---------- INPUT DATA

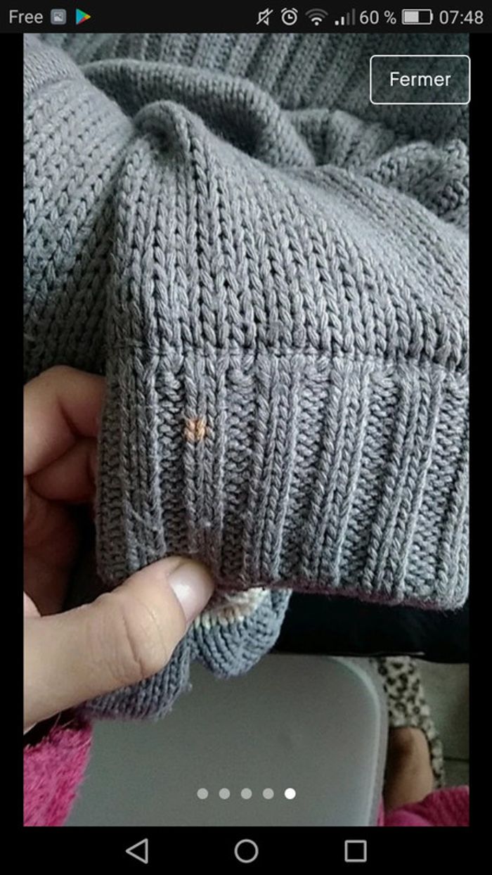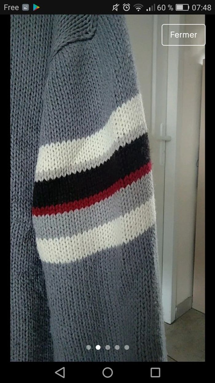 Très chaud. Une maille n'a pas la même couleur que les autres, erreur de fabrication.
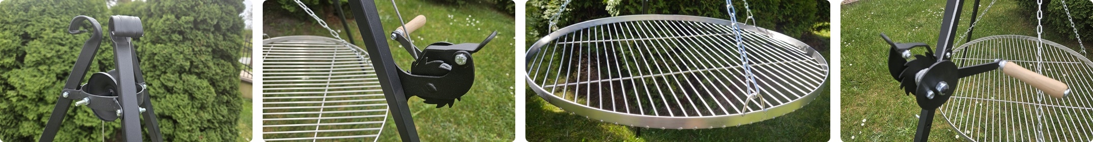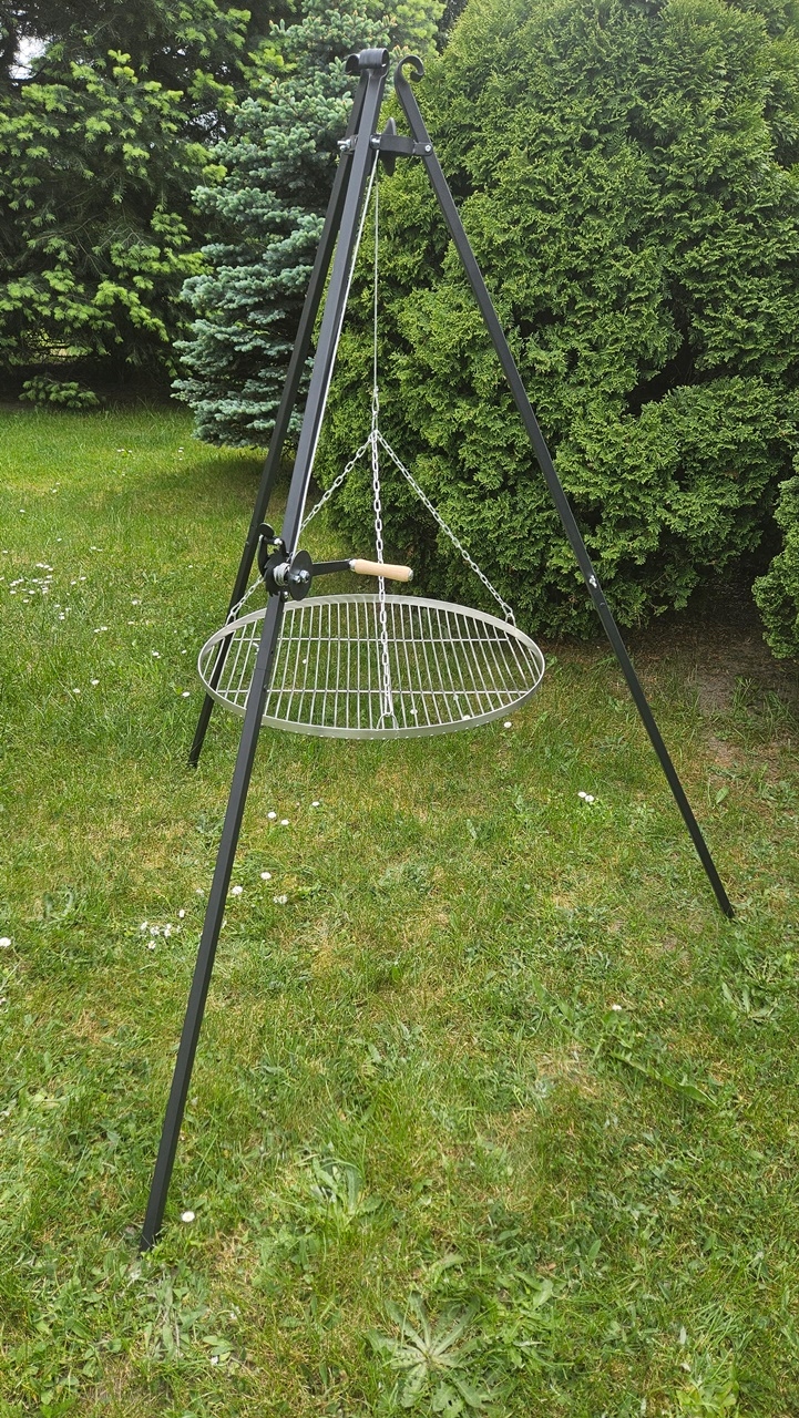 - Практичність - Тріо можна розмістити в будь -якій точці поля, і прокладена поверхня. Завдяки використанню гвинтів -метеликів та складних ног, штатив простий у складанні та розбираннях, а також на зберігання. Це дозволяє повного контролю над процесом грилю. і на терасі.
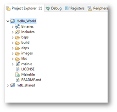 In the Eclipse IDE, after creating an application, the Project Explorer contains one or more related project folders. The following images show our “Hello_world” PSoC™ MCU application.

--------------------

> REQUIREMENT
Would you retype the material exactly, omitting each picture?

> EXERCISE OUTPUT
 Très chaud. Une maille n'a pas la même couleur que les autres, erreur de fabrication.
 - Практичність - Тріо можна розмістити в будь -якій точці поля, і прокладена поверхня. Завдяки використанню гвинтів -метеликів та складних ног, штатив простий у складанні та розбираннях, а також на зберігання. Це дозволяє повного контролю над процесом грилю. і на терасі.
 In the Eclipse IDE, after creating an application, the Project Explorer contains one or more related project folders. The following images show our “Hello_world” PSoC™ MCU application.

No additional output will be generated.